Audit Fees.    Fees paid for professional services rendered by Ernst & Young LLP related to the audit of the Company’s annual financial statements and review of the quarterly financial statements, including out-of-pocket expenses, as well as the related attestation of internal controls as required by the Sarbanes-Oxley Act of 2002, Section 404.

Audit Related Fees.    There were no audit related fees paid to Ernst & Young LLP in 2011 or 2010.

Tax Fees.    The Company has elected not to use its current principal accountant for tax services.

All Other Fees.    The fees for products and services provided by Ernst & Young LLP, other than those reported above.

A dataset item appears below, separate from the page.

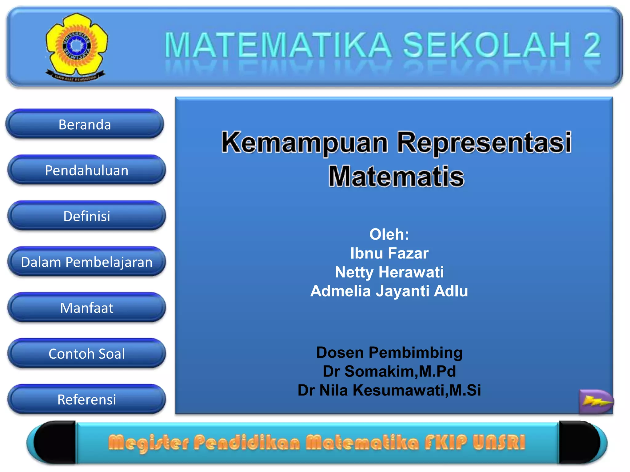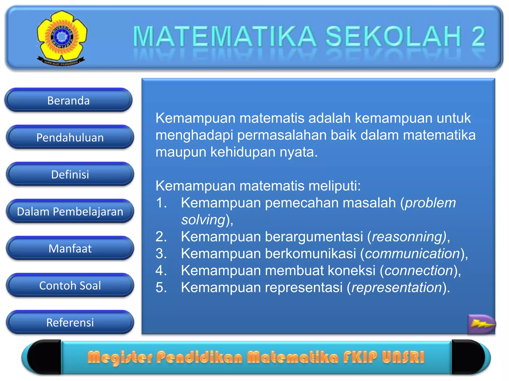 Dokumen ini membahas definisi dan manfaat kemampuan matematis serta representasi dalam pembelajaran matematika. Kemampuan matematis mencakup berbagai aspekt seperti pemecahan masalah dan komunikasi, sedangkan representasi berfungsi untuk menggambarkan ide matematika dengan cara yang berbeda. Manfaat dari representasi dalam pembelajaran termasuk meningkatkan pemahaman siswa dan meminimalkan kesalahan konsep.
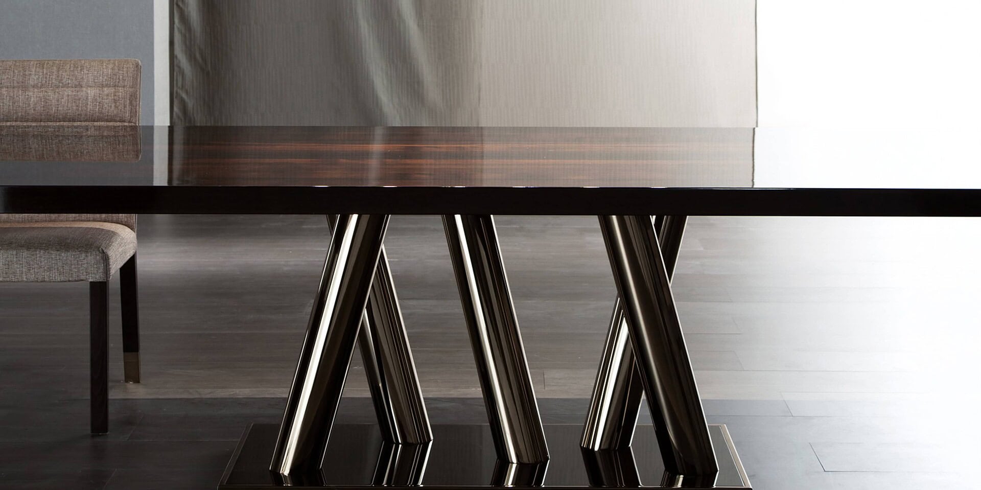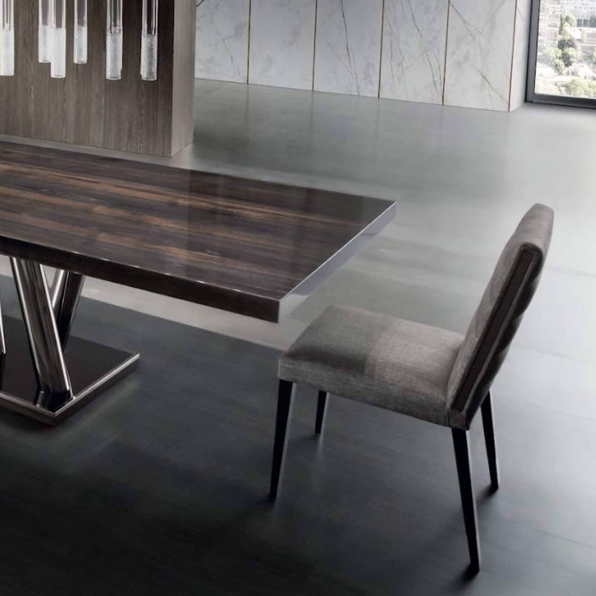 The Status Dining Table is a classic addition to a modern dining room, and its gleaming sculptural legs make it a focal point.

All of the services provided by the Company’s independent auditors during 2011 and 2010 were pre-approved by the Audit Committee. The Audit Committee has adopted a policy that requires advance approval of all audit, audit-related, tax, and other services performed by the Company’s independent registered public accounting firm. The policy provides for pre-approval by the Audit Committee of specifically defined audit and permitted non-audit services. Unless the specific service has been previously pre-approved with respect to that year, the Audit Committee must approve the permitted service before the Company’s independent registered public accounting firm is engaged to perform it. The Audit Committee has delegated to the Chair of the Audit Committee authority to approve permitted services provided that the Chair reports any decisions to the Committee at its next scheduled meeting.

Audit Committee Report

Acting pursuant to its Charter, the Audit Committee reviewed and discussed the Company’s audited financial statements at, and for the year ended, December 31, 2011 with management and the Company’s independent auditors and recommended to the Company’s Board of Directors that the financial statements be included in the Company’s Annual Report on Form 10-K for 2011. This recommendation was based on: the Audit Committee’s review of the audited financial statements; discussion of the financial statements with management; discussion with the Company’s independent auditors, Ernst & Young LLP, of the matters required to be discussed by auditing standards generally accepted in the United States of America, including the matters required to be discussed by SAS 61; receipt from Ernst & Young LLP of the written disclosures and letter required by Independence Standards Board Standard No. 1 (Independence Discussions with Audit Committees); discussions with Ernst & Young LLP regarding its independence from the Company and its management; and Ernst & Young LLP’s confirmation that it would issue its opinion that the consolidated financial statements present fairly, in all material respects, the financial position of the Company and its consolidated subsidiaries and the results of their operations and cash flows for the periods presented in conformity with accounting principles generally accepted in the United States of America.

 

30


Mr. Stephen J. McDaniel, Chairman
Mr. W. Charles Helton
Mr. Roger A. Brown

PROPOSAL 3

ADVISORY VOTE REGARDING EXECUTIVE COMPENSATION

As required by Section 14A of the Securities Exchange Act of 1934, the Company is providing its shareholders with an advisory (non-binding) vote on the compensation of its named executive officers (sometimes referred to as “say on pay”).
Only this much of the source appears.